‘Mini Pituitary Tumors’ May Help Personalized Medicine, Study Says
Patient-derived organoids can serve as research models and to tailor treatment
“Mini pituitary tumors” derived from patients, including those with Cushing’s disease, mimic several features of the individual’s tumor, including response to treatments, a study shows.
These pituitary tumor-like organoids can serve as models for studies of the underlying molecular mechanisms of Cushing’s disease and to screen for the most effective treatments for each patient, the researchers noted.
This will contribute to developing “effective personalized medicine for [Cushing’s disease] patients,” they wrote.
The study, “Development of Human Pituitary Neuroendocrine Tumor Organoids to Facilitate Effective Targeted Treatments of Cushing’s Disease,” was published in the journal Cells.
Disease recurrence is common after transsphenoidal surgery
Cushing’s disease is commonly caused by a benign tumor in the brain’s pituitary gland that overproduces the adrenocorticotropic hormone (ACTH). ACTH signals the adrenal glands sitting atop the kidneys to produce and release a steroid hormone called cortisol.
Given its role in several bodily processes, excess levels of cortisol lead to the wide variety of physical, hormonal, and psychological symptoms of Cushing’s.
The first line of treatment consists of transsphenoidal surgery — a minimally invasive surgery performed through the nose — to remove the pituitary tumor. Still, up to half of the cases are reported to experience disease recurrence after surgery.

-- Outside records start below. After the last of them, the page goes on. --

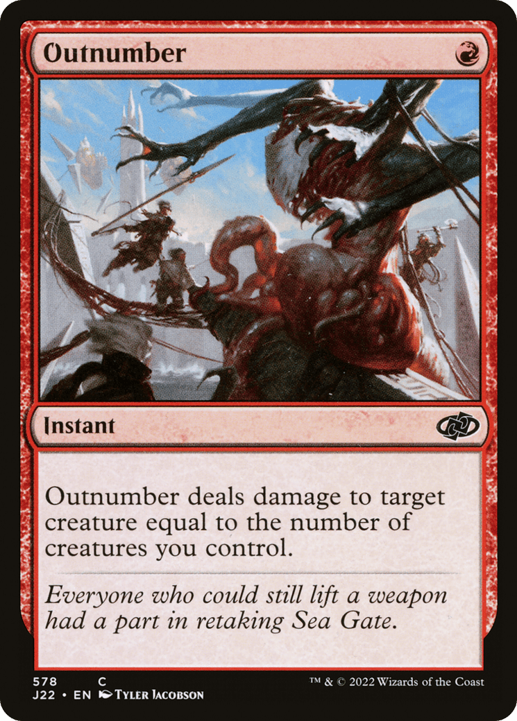Outnumber deals damage to target creature equal to the number of creatures you control.
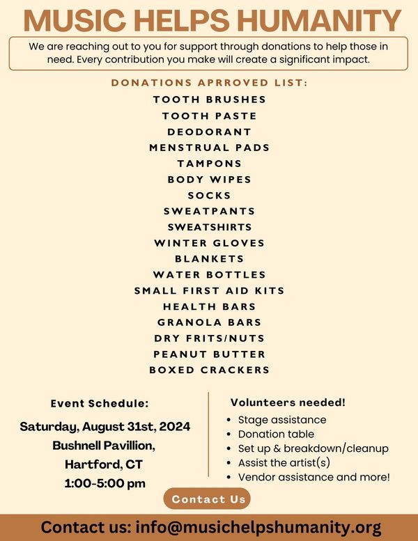 Music Helps Humanity, Inc. is a 501(c)(3) nonprofit organization. Using the universal language of music to uplift & support individuals who are unhoused & facing other challenges within our community. We provide opportunities, & a supportive network for artists,while also preserving the history of music for our future.
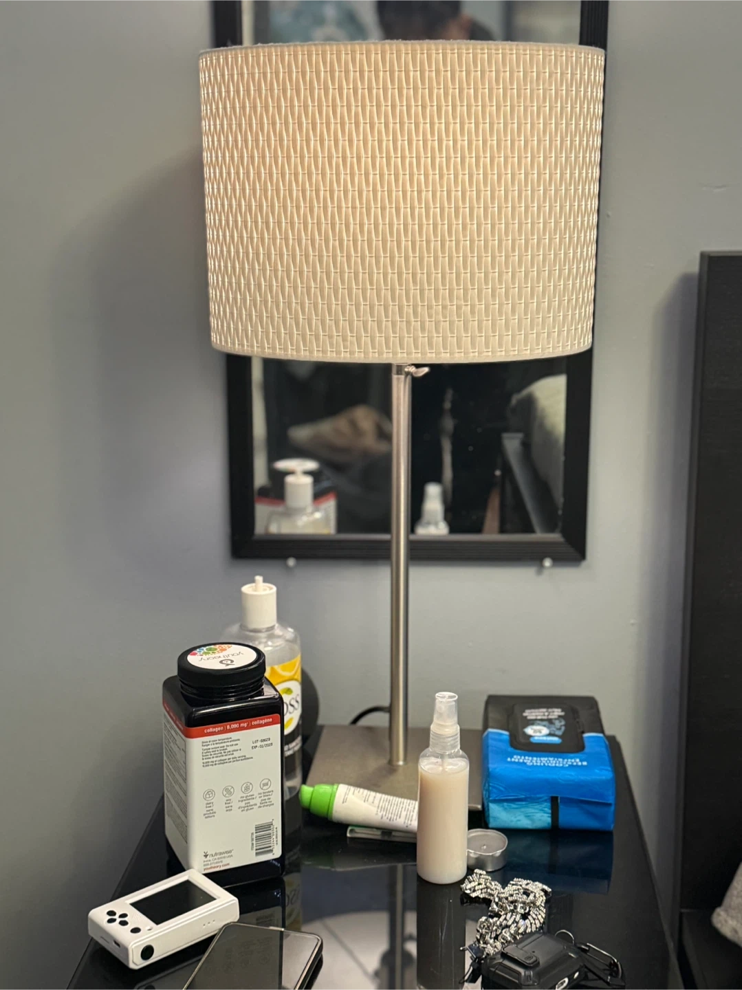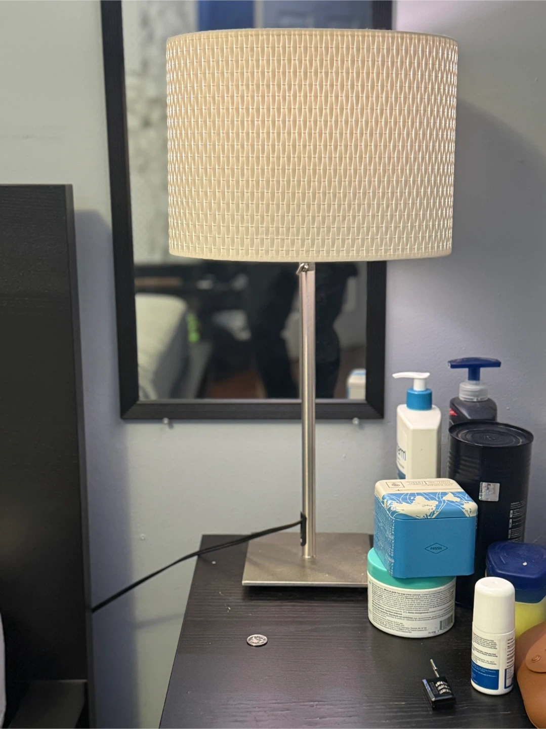 This table lamp features a woven beige shade and a brushed metal base. It's a nice size for a nightstand or side table. Provides ambient lighting for any room.
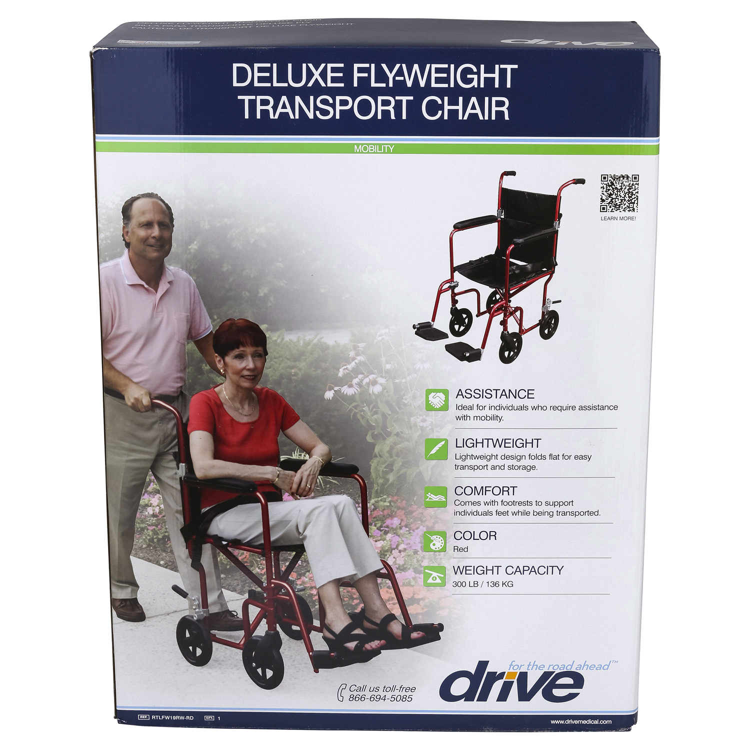 The Deluxe 19" Fly Weight Aluminum Transport Chair with Removable Casters in red by Drive Medical weighs about 30% less than traditional transport chairs. Weighing only 19 pounds, this chair has a has…

Medications are considered when surgery is not possible or is ineffective, or when recurrence occurs after initial surgical remission. However, these treatments have reduced efficacy and tolerability, and the disease remains without effective long-term remission in 30% of Cushing’s patients.
“Overall, existing medical therapies remain suboptimal, with negative impact on health and quality of life, including considerable risk of therapy resistance and tumor recurrence,” the researchers wrote.
This indicates the need to develop effective pharmacological therapies that target pituitary tumors to lower cortisol levels in the body. One major limitation has been the lack of an adequate preclinical model that replicates the specific microenvironment of pituitary tumors.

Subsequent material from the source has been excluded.